Politics & Policy

How Did Denny Hastert Get Rich Enough to Pay Millions to an Accuser?

Hastert in 2005. (Chip Somodevilla/Getty)

Denny Hastert — the former House speaker now indicted for violating regulations on bank withdrawals that were originally meant to snare drug dealers — was a man of integrity according to his former House colleagues.

By the sketchy standards of Illinois politics, that might well have been true. But his fall from grace should prompt other questions about how a former high-school teacher who held elective office from 1981 to 2007 could leave Congress with a fortune estimated at $4 million to $17 million. When he entered Congress in 1987, he was worth at most $275,000. Hastert was the beneficiary of very lucky land deals while in Congress; and since leaving office, he has earned more than $2 million a year as a lobbyist. That helps explain how he could agree to pay $3.5 million to a former student to cover up an ancient sex-abuse scandal.

I saw him become passionate only once, when he defended earmarks.

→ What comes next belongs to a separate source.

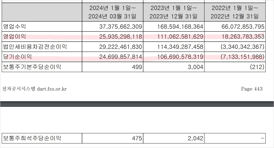 특히 영업이익이 2022년부터 흑자가 나기 시작하여 2023년에는 거의 10배 가까이 증가했다는게 고무적임. 이대로라면 2024년도 2023년 수준의 영업이익 흑자를 기록할 것으로 보임. 다음 신작 게임이 얼마나 히트를 치느냐가 관건이겠음.

Denny Hastert used to visit the Wall Street Journal, where I worked while he was the speaker. He was a bland, utterly conventional supporter of the status quo; his idea of reform was to squelch anyone who disturbed Congress’s usual way of doing business. I saw him become passionate only once, when he defended earmarks — the special projects such as Alaska’s “Bridge to Nowhere” that members dropped at the last minute into conference reports, deliberately leaving no time to debate or amend them. Earmarks reached the staggering level of 15,000 in 2005, and their stench helped cost the GOP control of Congress the next year.

But Hastert was unbowed. “Who knows best where to put a bridge or a highway or a red light in his district?” I recall him bellowing. I responded that the Illinois Department of Transportation came to mind, and we then agreed to disagree.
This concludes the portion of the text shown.